• **RECORDED DATA**:
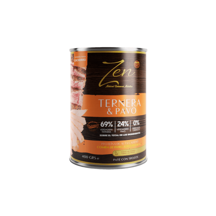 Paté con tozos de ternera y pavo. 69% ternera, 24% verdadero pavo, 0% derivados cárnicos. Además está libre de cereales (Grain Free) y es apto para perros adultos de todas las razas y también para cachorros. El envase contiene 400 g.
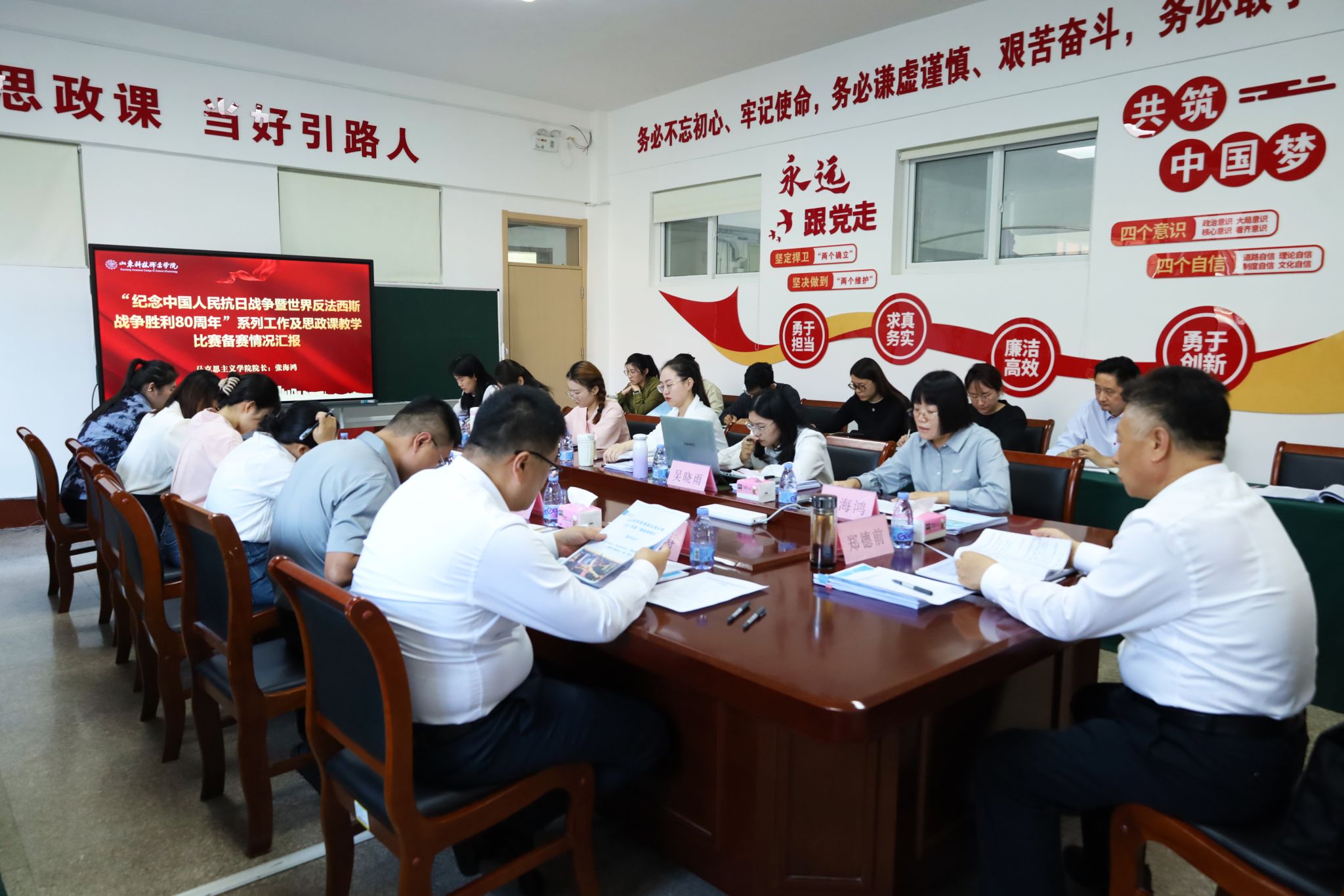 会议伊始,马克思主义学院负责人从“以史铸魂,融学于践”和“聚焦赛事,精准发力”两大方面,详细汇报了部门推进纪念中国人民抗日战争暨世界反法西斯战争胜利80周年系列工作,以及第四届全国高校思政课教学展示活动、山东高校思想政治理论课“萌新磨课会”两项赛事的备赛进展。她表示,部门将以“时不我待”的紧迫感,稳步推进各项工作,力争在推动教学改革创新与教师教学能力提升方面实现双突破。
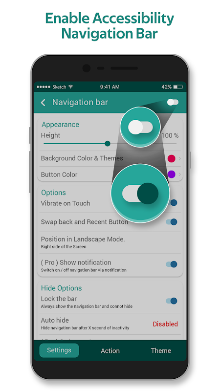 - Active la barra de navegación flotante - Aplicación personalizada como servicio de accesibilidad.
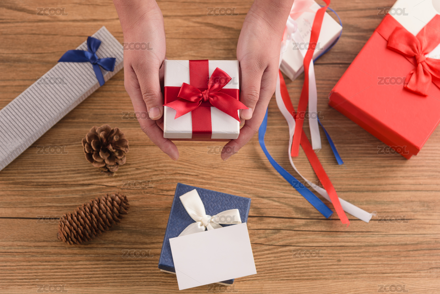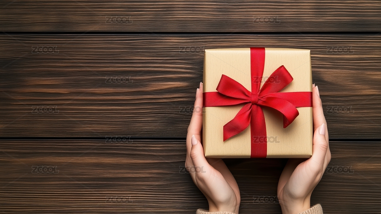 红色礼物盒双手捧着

• **WHAT IS BEING ASKED**: Set down exactly the lines between the one with "会议伊始,马克思主义学院负责" and the last line of the material above, both included, but none of the pictures.

• **EXERCISE RESPONSE**:
 会议伊始,马克思主义学院负责人从“以史铸魂,融学于践”和“聚焦赛事,精准发力”两大方面,详细汇报了部门推进纪念中国人民抗日战争暨世界反法西斯战争胜利80周年系列工作,以及第四届全国高校思政课教学展示活动、山东高校思想政治理论课“萌新磨课会”两项赛事的备赛进展。她表示,部门将以“时不我待”的紧迫感,稳步推进各项工作,力争在推动教学改革创新与教师教学能力提升方面实现双突破。
 - Active la barra de navegación flotante - Aplicación personalizada como servicio de accesibilidad.
 红色礼物盒双手捧着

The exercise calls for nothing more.